Origin Session ID: 1b7a3403-06f3-4862-be80-479e129656de
Retrieval Hint: query_raw_memories("IssueSyncer archive anomaly #7910 milestone metadata gap planBuckets timestamp inference regression unchanged closed issue v11.12.0 v11.13.0")
Context
Surfaced during post-#11592-merge V-B-A on
ai:sync-github-workflow(2026-05-18 ~20:55Z).
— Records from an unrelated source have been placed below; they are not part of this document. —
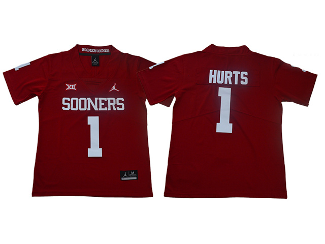 Oklahoma Sooners #1 Jalen Hurts Youth Red College Football Jersey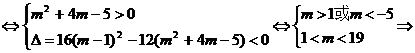 12.若关于x的不等式(m2+4m-5)x2-4(m-1)x+?3>0?对一切实数x恒成立,求m的取值范围.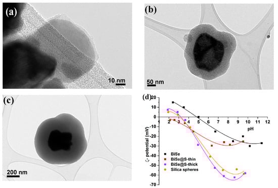 Figure 2 shows the BiSe nanoparticles subsequently coated with (a) a thin ≈ 2–5 nm, (b) an intermediate ≈ 50–80 nm, and (c) a thick ≈ 200 nm uniform silica layer covering the individual nanoparticles. An additional confirmation that the silica coating was successful was the change in the point of zero charges (PZC). Figure 2d shows the zeta potential (ζ) of the silica-coated BiSe nanoparticles compared to the uncoated ones and silica nanospheres synthesized using a modified Stober process [64]. The PZC decreased from pH = 5 (BiSe) to ≈2.5 for BiSe@S-thin and ≈3 for BiSe@S-thick.
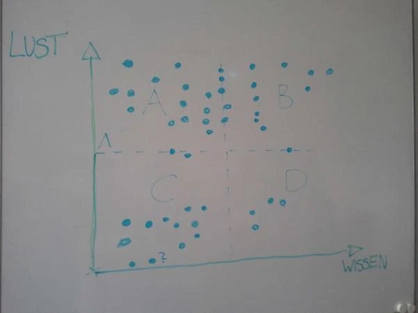 - Kurzvorstellung aller Teilnehmer mit Hilfe von je 3 Tags↑ und Zuordnung in einem Diagramm mit den Achsen x=Wissen, y=Lust und 4 Quadranten A-D (C-D mit ansteigendem Wissen, darüber A-B)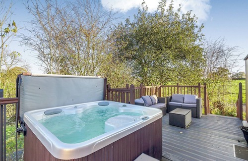 Entering into the open-plan living area, you will find a well-equipped kitchenette featuring an electric hob, microwave, and fridge. The living room has a sofa to relax on whilst enjoying watching the Smart TV, reading a good book or throwing open the French doors leading onto the decking area at the front of the property to admire your peaceful location. The bedroom boasts a double bed providing a cosy place to rest at the end of a busy day exploring. Outside there is a front decking area with patio furniture, perfect for sitting outside with breakfast or a cup of coffee in the mornings, or a chilled drink as you soak away your day in the private hot tub.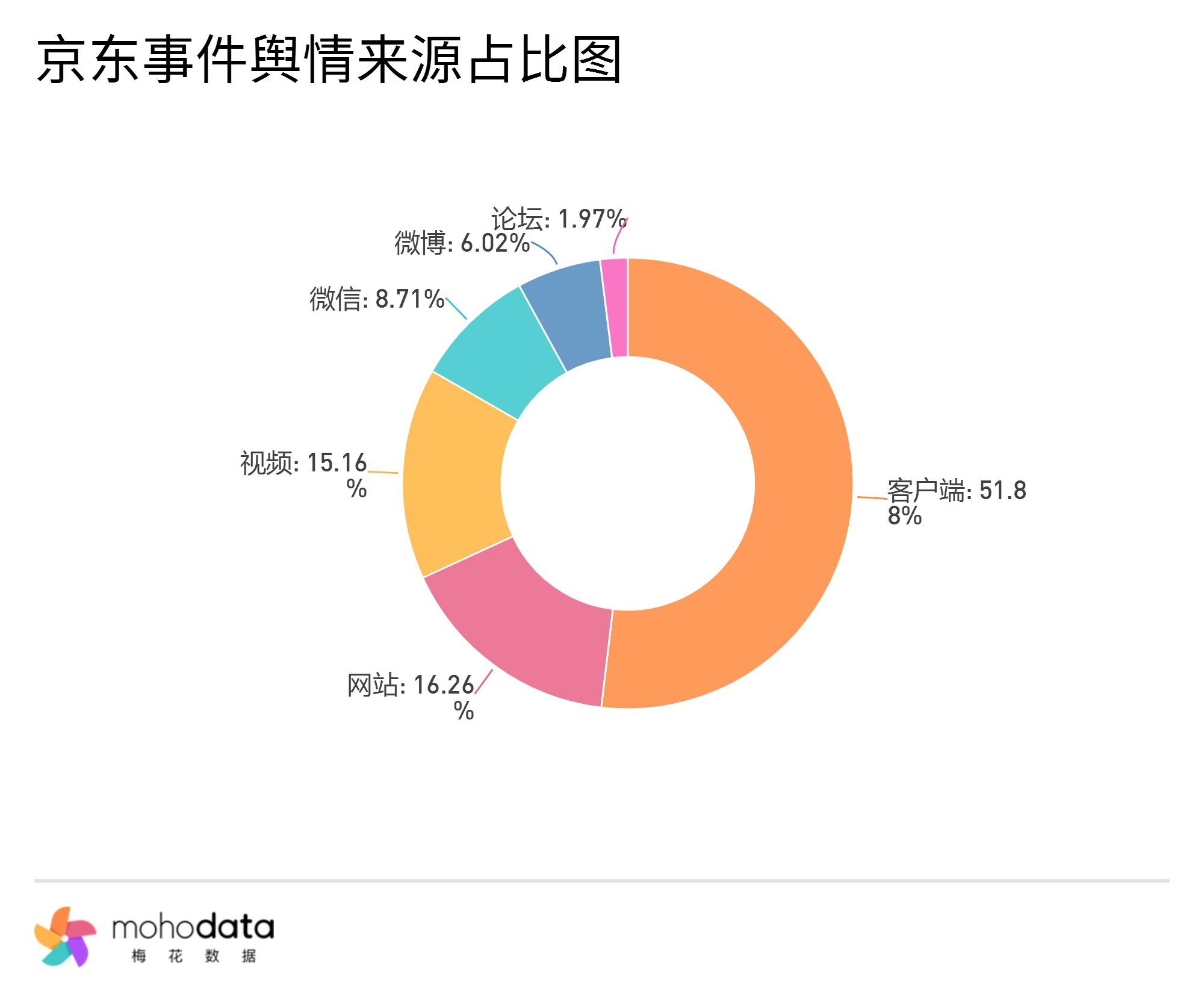 其中信息来源分布图如下图所示,声量主要集中在客户端,客户端占比51.88%,网站占比16.26%,视频占比15.16%,其他信息来源占比不超过10%。

Two[ARCHIVE ANOMALY]WARN emitted for issue #7910 within a single sync run — once in reconcile phase, once in pull phase:Operator-direction 2026-05-18 ~21:05Z (in-session paraphrase): "VBA => reducing noise (for all real synced items) !== regression bug where an item got moved, that was not changed." Cycle-1 V-B-A pattern-matched against PR #11486 (which reduced WARN noise for genuinely-changed items) and falsely concluded "known intentional behavior." Operator-corrected V-B-A re-investigated and confirmed: this is a real regression — an UNCHANGED item is getting re-bucketed every sync.
The Problem
Empirical observation
Issue #7910 (CLOSED 2025-11-29T11:41:17Z, milestone
11.12.0, currently archived atresources/content/archive/issues/v11.12.0/chunk-1/issue-7910.md) hasn't been modified since 2025-11-29T11:44:14Z. Yet every sync emits the WARN "moving from v11.12.0 to v11.13.0."GitHub release timeline:
2025-11-29T11:32:31Z(release body explicitly lists "Enhance SEO generator to support middleware-compatible routes (Issue #7910)" — #7910 IS fixed in v11.12.0)2025-11-29T12:34:29Z(release body lists Issues #7911, #7912 — NOT #7910)The CORRECT bucket per release-body content is v11.12.0. The syncer's inference logic computes v11.13.0.
Root cause
.sync-metadata.jsonfor #7910 persists these fields:{ "state": "CLOSED", "closedAt": "2025-11-29T11:41:17Z", "updatedAt": "2025-11-29T11:44:14Z", "contentHash": "79ddf88bcecdf7eacf03784e3b3a2540eb740338ece6e55c5387314d7603e843", "commentsTotal": 1 }No
milestonefield. The on-disk frontmatter file hasmilestone: 11.12.0but it's not captured in the sync metadata.IssueSyncer.mjs#planBuckets(ai/services/github-workflow/sync/IssueSyncer.mjs:364-385):for (const issue of combined.values()) { let version = null; if (issue.state === 'CLOSED') { if (issue.milestone?.title) { // ← undefined for #7910 in metadata version = issue.milestone.title.startsWith(...) ? ... : ...; } else if (issue.closedAt) { // ← falls through here const closed = new Date(issue.closedAt); const release = (ReleaseNotesSyncer.sortedReleases || []) .find(r => new Date(r.publishedAt) > closed); // ← finds first release AFTER close // For #7910: closed 11:41:17Z; v11.12.0 published 11:32:31Z (BEFORE close); // v11.13.0 published 12:34:29Z (AFTER close) → version = 'v11.13.0' ❌ if (release) { version = ...; } } } // ... }Line 387-403:
issue.oldVersion (v11.12.0)derived from cached path;version (v11.13.0)derived from fallback inference. They differ → WARN emits with "Dry-run review required" framing.Sealed-chunk enforcement (line ~569-602) preserves the physical archive location (file stays at v11.12.0/) — good safety, but the WARN keeps firing because the metadata never captures the milestone.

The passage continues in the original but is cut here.